■ Source records:

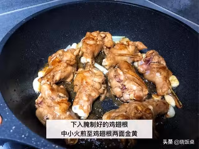 7、蔥姜蒜爆香後下入腌制好的雞翅根,然後調中小火煎制兩面金黃。
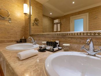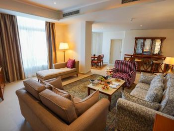 В распоряжении гостей просторные, роскошно обставленные номера c кондиционером, телевизором с плоским экраном и спутниковыми каналами, собственной ванной комнатой с ванной или душем, мини-баром и прочими роскошными услугами и удобствами.
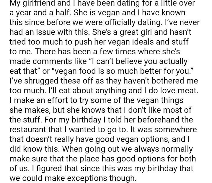 AITA for refusing to eat the vegan meal that my girlfriend made me for my birthday?July 23, 2024July 23, 2024AITA
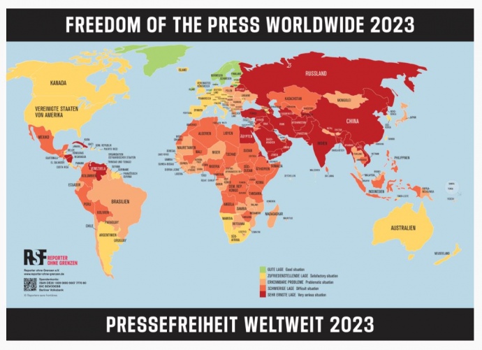 По шкале RSF, ситуация со свободой прессы является "очень серьезной" в 31 стране, "сложной" - в 42, в 55 существуют "проблемы, которые можно идентифицировать", а в 52 ситуация является "хорошей" или "удовлетворительной".
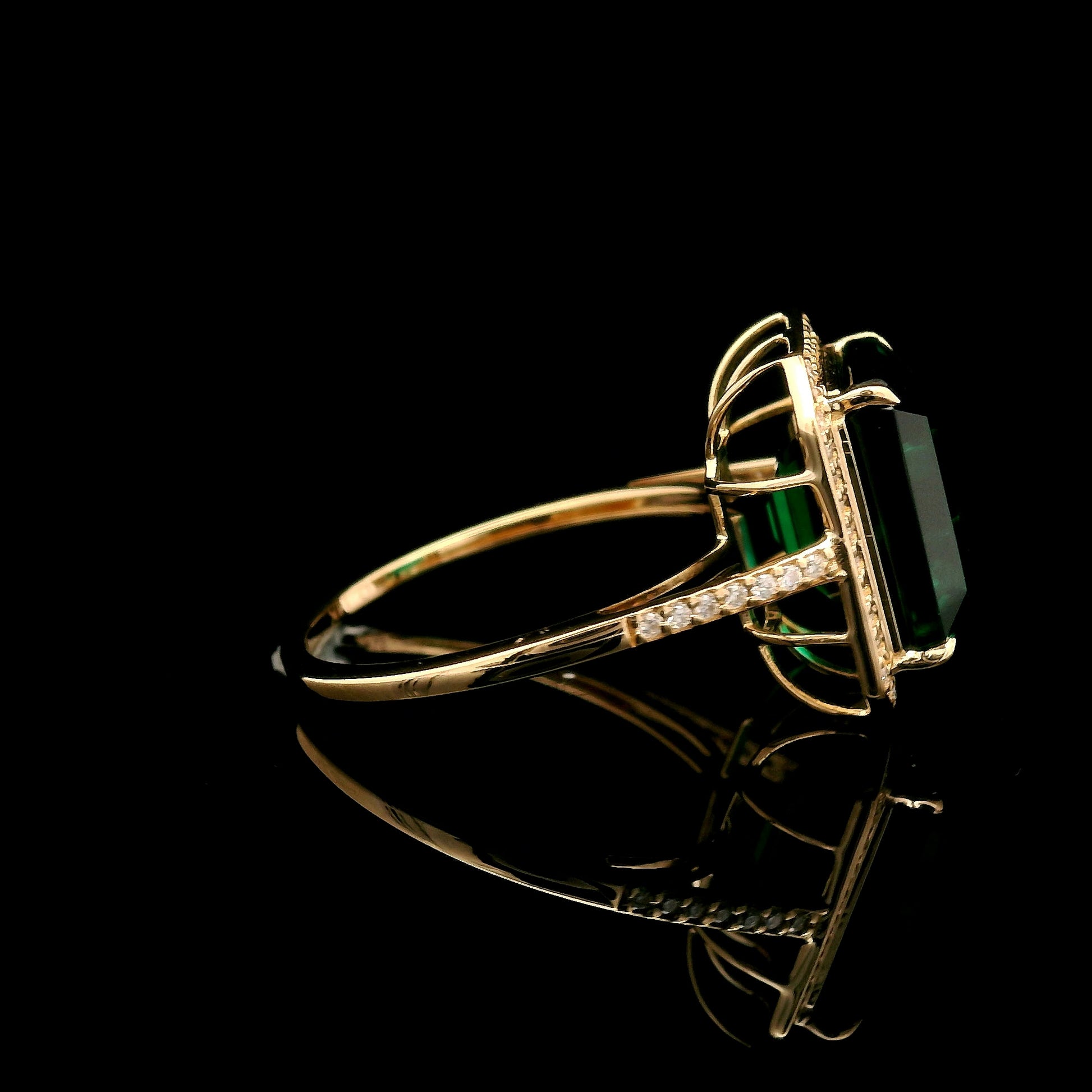 5.74 Ct Emerald Cut Lab Grown Emerald 14K Gold Ring

■ Exercise directions: In the listing above, find the line containing "В распоряжении гостей" and the line containing "AITA for refusing"; print those lines and every line between them exactly, leaving out pictures.

■ Finished exercise:
 В распоряжении гостей просторные, роскошно обставленные номера c кондиционером, телевизором с плоским экраном и спутниковыми каналами, собственной ванной комнатой с ванной или душем, мини-баром и прочими роскошными услугами и удобствами.
 AITA for refusing to eat the vegan meal that my girlfriend made me for my birthday?July 23, 2024July 23, 2024AITA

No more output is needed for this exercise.